• _Prompt_
Quote all of the data that follows exactly as written, skipping the images.

• _Information shown_
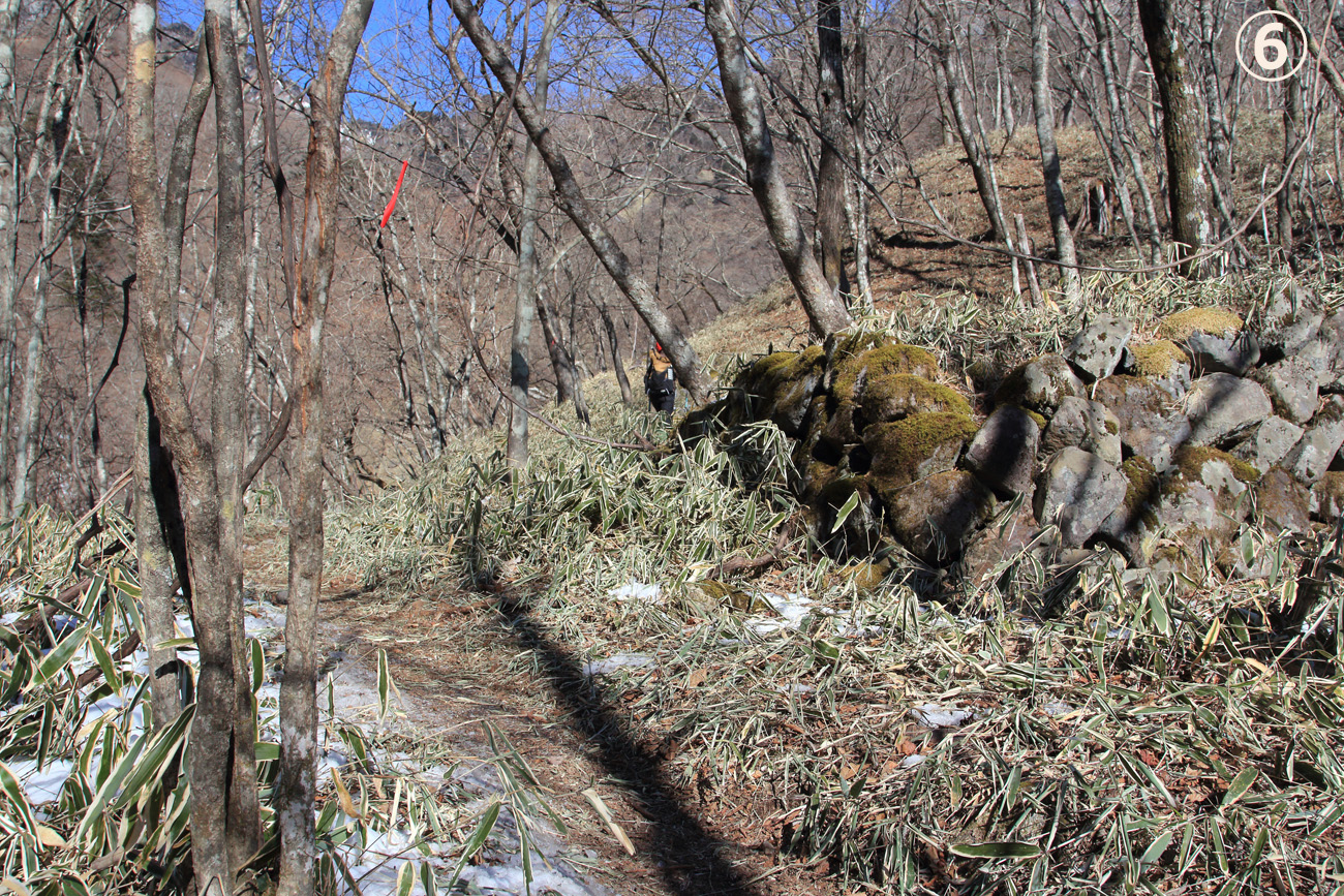 ⑥岩混じりの疎林内を行く
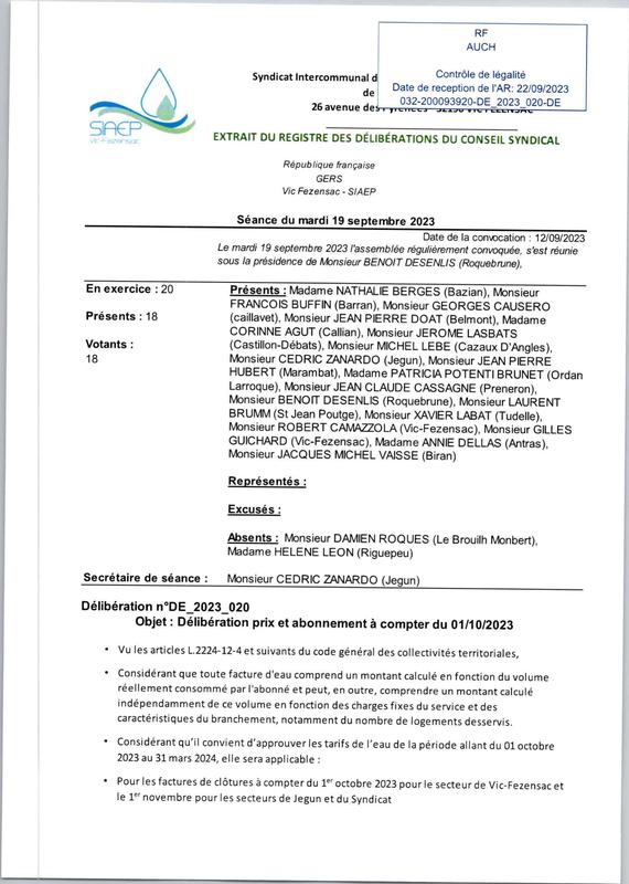 De2023 020 DéLibéRation Prix Et Abonnement À Compter Du 01 10 2023
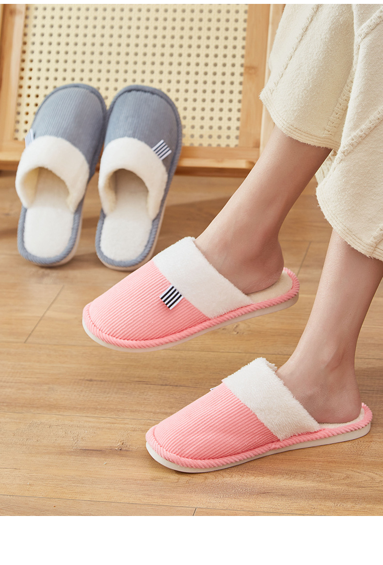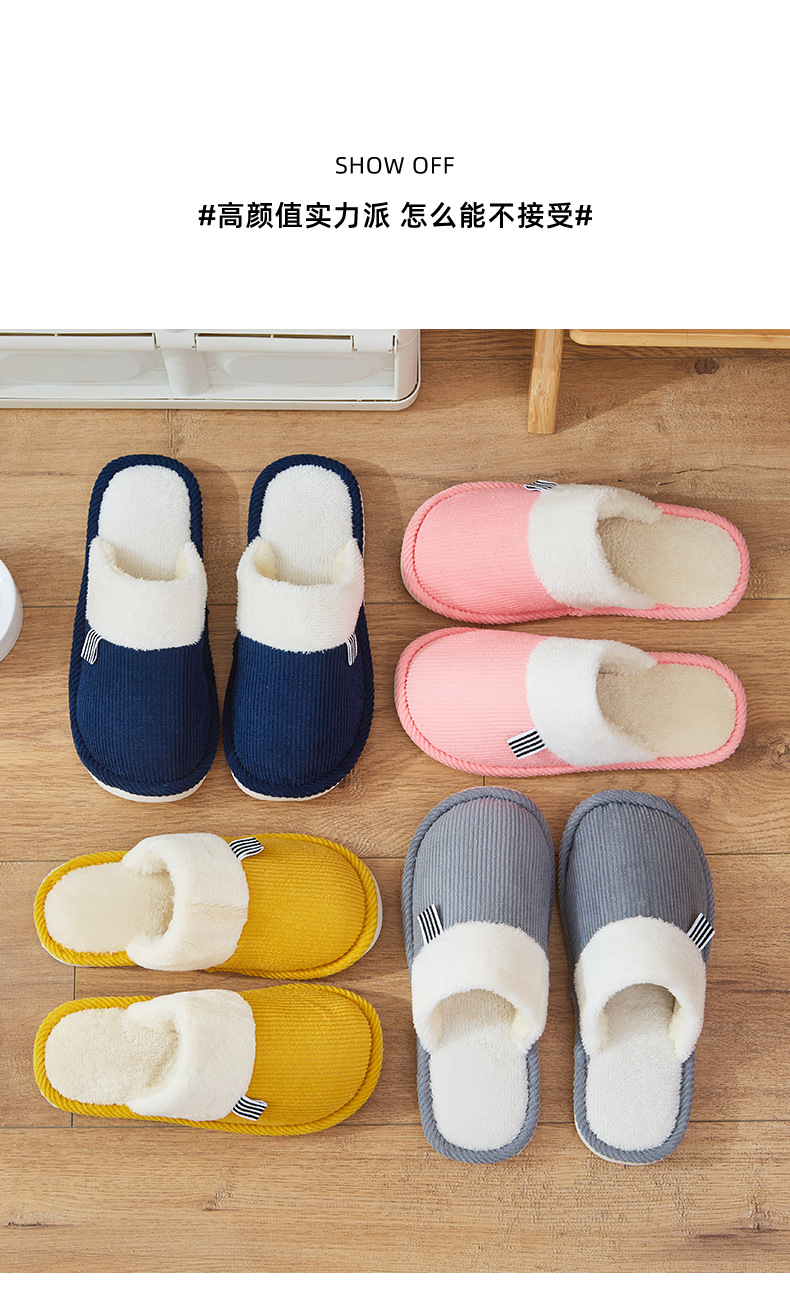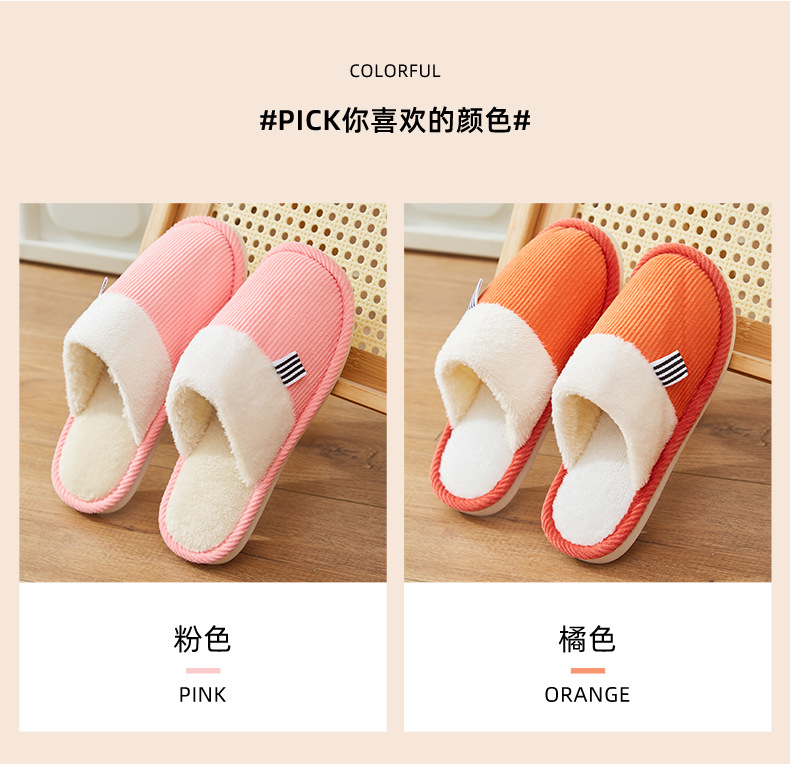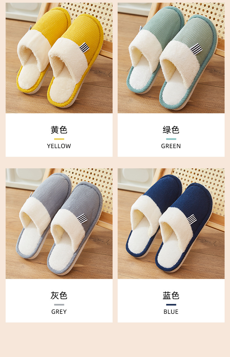 「六色可选!灯芯绒面料」棉拖鞋冬季简约日系棉拖室内地板 男女家居PVC防滑地板拖

• _Finished exercise_
 ⑥岩混じりの疎林内を行く
 De2023 020 DéLibéRation Prix Et Abonnement À Compter Du 01 10 2023
 「六色可选!灯芯绒面料」棉拖鞋冬季简约日系棉拖室内地板 男女家居PVC防滑地板拖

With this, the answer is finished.